Should You Chase Engagement Or Chase Value From A Community? (it’s complicated)
The engagement trap is very real, it’s very dangerous, and most of us are caught in it.
But engagement itself isn’t bad. The problem is when:
a) You align your efforts to drive the most engagement.
b) Engagement is all your colleagues understand about building community.
In a perfect world, you would ignore engagement metrics entirely and focus on the outcomes of this engagement (i.e. if engagement drives more loyalty, satisfaction, leads, search traffic etc…you would measure those things instead of engagement).
But often you can’t easily do this.
Sometimes you can’t get the data you need. Other times, no-one seems clear what the goal of the community should be. And, most often, someone senior just wants to have a big active community at the moment for a reason even they struggle to explain.
You can push back a little, but pushing too hard to be measured by outcomes can create more value than it solves.
This happens often in our consultancy work too. The solution is to build your boss/client’s wishes into a longer-term strategic roadmap for your community.
If everyone understands driving engagement is part of a stepping stone to driving clear results, you can avoid the engagement trap.
In practice, this usually means you create a 6 to a 24-month roadmap with goals to hit such as:
- Months 0 to 6: Reach a critical mass of activity
- Months 6 to 12: Drive up engagement.
- Months 12 to 24: Align members behaviors to most valuable actions.

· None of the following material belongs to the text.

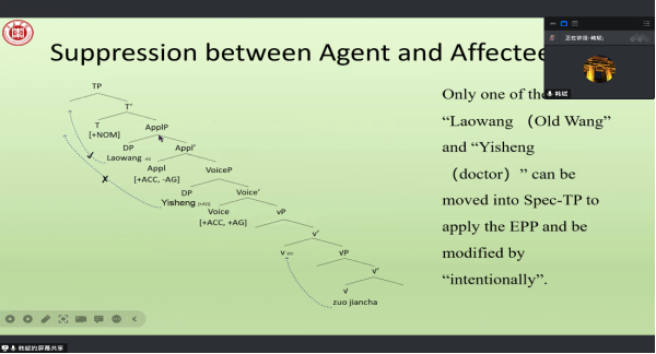 报告中,韩斌结合不同语言句法研究的成果分析了汉语中的蒙事主语句子结构,提出汉语句首位置的蒙事主语为一种施用论元结构,从语义和语用两个方面分析了这种蒙事主语表达的必要性和原因,最后从句法方面分析了蒙事主语句子结构的生成机制,论证了蒙事主语句式在语义层面和句法深层结构层面的对应性。

(use this guide to help you with the exact metrics).
Each of these will also need its own strategic plan.
Now you have engagement as part of a longer-term process to driving results. You know exactly how much engagement you need to move to the next phase. Better yet, everyone can get on board and track progress.
Chasing engagement or chasing value doesn’t have to be two mutually exclusive options.
I have learned by focusing on value, then engagement comes naturally.
Like this conversation - you have struck a cord.
How many times in a meeting do you hear if we have content, content oh… quality content that will get engagement. Then … nothing happens and themembers show no interest.
Why? because many do not want to do the heavy lifting involved.
The heavy lifting…
your reward will be the most deepest and value add engagement… members interacting, sharing in quality conversations with like minded people!
I was reading a topic from a large webmaster community where one webmaster said, “get your members talking about anything. It doesn’t matter, just get them talking.”
That’s ridiculous.
Engagement for the sake of engagement is useless fluff that is not aligned with anything that matters to your members or the organization. I agree that having some fluff engagement is okay, just like steak tastes better with marble. But chasing engagement is taking your eyes off from the primary goal. Engagement is not an end unto itself; it’s a means to an end.
The way that I personally view it is that I hold myself accountable to the value. That’s the ultimately measuring stick in my long-run strategic plan. How I accomplish that value, however, involves various forms of engagement.